HelmChart 项目由作业安装。您可以通过在 SUSE Virtualization 节点上运行以下命令来确定每个作业的名称和状态:

$ kubectl get helmcharts -A -o jsonpath='{range .items[*]}{"Namespace: "}{.metadata.namespace}{"\nName: "}{.metadata.name}{"\nStatus:\n"}{range .status.conditions[*]}{"  - Type: "}{.type}{"\n    Status: "}{.status}{"\n    Reason: "}{.reason}{"\n    Message: "}{.message}{"\n"}{end}{"JobName: "}{.status.jobName}{"\n\n"}{end}'

输出示例:

Namespace: kube-system
Name: rke2-canal
Status:
  - Type: JobCreated
    Status: True
    Reason: Job created
    Message: Applying HelmChart using Job kube-system/helm-install-rke2-canal
  - Type: Failed
    Status: False
    Reason:
    Message:
JobName: helm-install-rke2-canal
Namespace: kube-system
Name: rke2-coredns
Status:
  - Type: JobCreated
    Status: True
    Reason: Job created
    Message: Applying HelmChart using Job kube-system/helm-install-rke2-coredns
  - Type: Failed
    Status: False
    Reason:
    Message:
JobName: helm-install-rke2-coredns
Namespace: kube-system
Name: rke2-ingress-nginx
Status:
  - Type: JobCreated
    Status: True
    Reason: Job created
    Message: Applying HelmChart using Job kube-system/helm-install-rke2-ingress-nginx
  - Type: Failed
    Status: False
    Reason:
    Message:
JobName: helm-install-rke2-ingress-nginx
Namespace: kube-system
Name: rke2-metrics-server
Status:
  - Type: JobCreated
    Status: True
    Reason: Job created
    Message: Applying HelmChart using Job kube-system/helm-install-rke2-metrics-server
  - Type: Failed
    Status: False
    Reason:
    Message:
JobName: helm-install-rke2-metrics-server
Namespace: kube-system
Name: rke2-multus
Status:
  - Type: JobCreated
    Status: True
    Reason: Job created
    Message: Applying HelmChart using Job kube-system/helm-install-rke2-multus
  - Type: Failed
    Status: False
    Reason:
    Message:
JobName: helm-install-rke2-multus
Namespace: kube-system
Name: rke2-runtimeclasses
Status:
  - Type: JobCreated
    Status: True
    Reason: Job created
    Message: Applying HelmChart using Job kube-system/helm-install-rke2-runtimeclasses
  - Type: Failed
    Status: False
    Reason:
    Message:
JobName: helm-install-rke2-runtimeclasses

您可以以以下方式使用这些信息:

  • 确定失败作业的原因:检查 Failed 条件的 ReasonMessage 值。

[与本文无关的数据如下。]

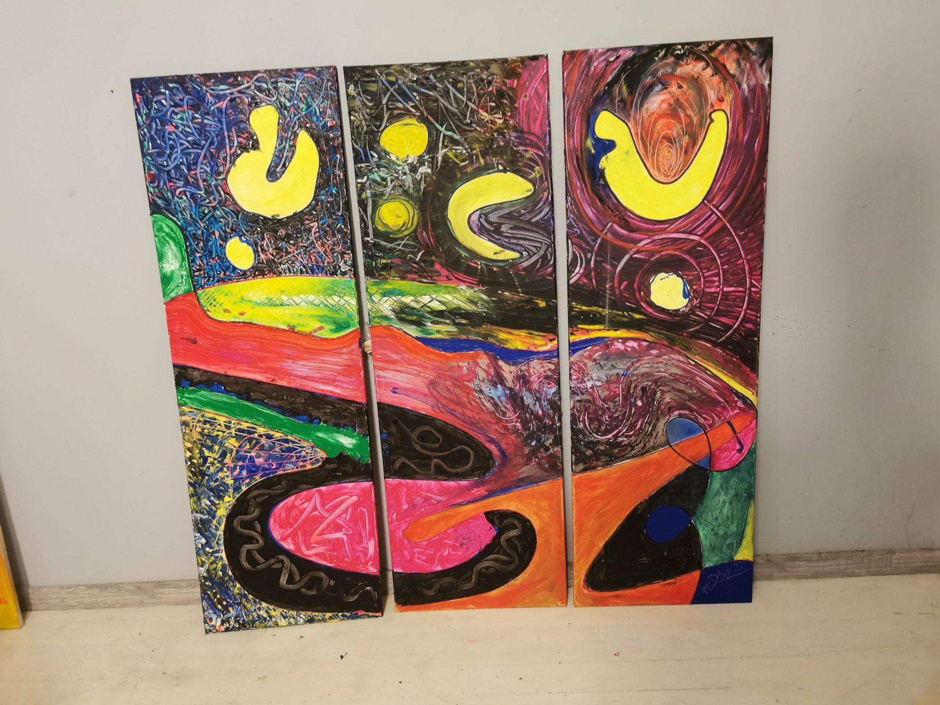 „Fajne miejsce” to aż trzy obrazy namalowane na płótnie . Każdy z nich o rozmiarze 40×120 cm .

  • 重新运行作业:从 HelmChart CRD 中删除该特定作业的 Status 字段。控制器部署一个新作业。

ManagedChart CRD

Rancher 使用 SUSE® Rancher Prime: Continuous Delivery 在目标集群上安装图表,而 SUSE Virtualization 只有一个目标集群 (fleet-local/local)。

SUSE® Rancher Prime: Continuous Delivery 通过 helm install 在每个目标集群上部署一个代理,因此您可以使用 helm list -A 命令查找 fleet-agent-local 图表。cluster.fleet.cattle.io CRD 包含代理的状态。

apiVersion: fleet.cattle.io/v1alpha1
kind: Cluster
metadata:
  name: local
  namespace: fleet-local
spec:
  agentAffinity:
    nodeAffinity:
      preferredDuringSchedulingIgnoredDuringExecution:
      - preference:
          matchExpressions:
          - key: fleet.cattle.io/agent
            operator: In
            values:
            - "true"
        weight: 1
  agentNamespace: cattle-fleet-local-system
  clientID: xd8cgpm2gq5w25qf46r8ml6qxvhsg858g64s5k7wj5h947vs5sxbwd
  kubeConfigSecret: local-kubeconfig
  kubeConfigSecretNamespace: fleet-local
  redeployAgentGeneration: 1
status:
  agent:
    lastSeen: "2025-09-01T07:09:28Z"
    namespace: cattle-fleet-local-system
  agentAffinityHash: f50425c0999a8e18c2d104cdb8cb063762763f232f538b5a7c8bdb61
  agentDeployedGeneration: 1
  agentMigrated: true
  agentNamespaceMigrated: true
  agentTLSMode: system-store
  apiServerCAHash: 158866807fdf372a1f1946bb72d0fbcdd66e0e63c4799f9d4df0e18b
  apiServerURL: https://10.53.0.1:443
  cattleNamespaceMigrated: true
  conditions:
  - lastUpdateTime: "2025-08-28T04:43:02Z"
    status: "True"
    type: Processed
  - lastUpdateTime: "2025-08-28T10:08:31Z"
    status: "True"
    type: Imported
  - lastUpdateTime: "2025-08-28T10:08:30Z"
    status: "True"
    type: Reconciled
  - lastUpdateTime: "2025-08-28T10:09:30Z"
    status: "True"
    type: Ready

Rancher 将 ManagedChart CRD 转换为带有 mcc- 前缀的 Bundle 资源。SUSE® Rancher Prime: Continuous Delivery 代理监视 Bundle 资源并将其部署到目标集群。BundleDeployment 资源包含部署状态。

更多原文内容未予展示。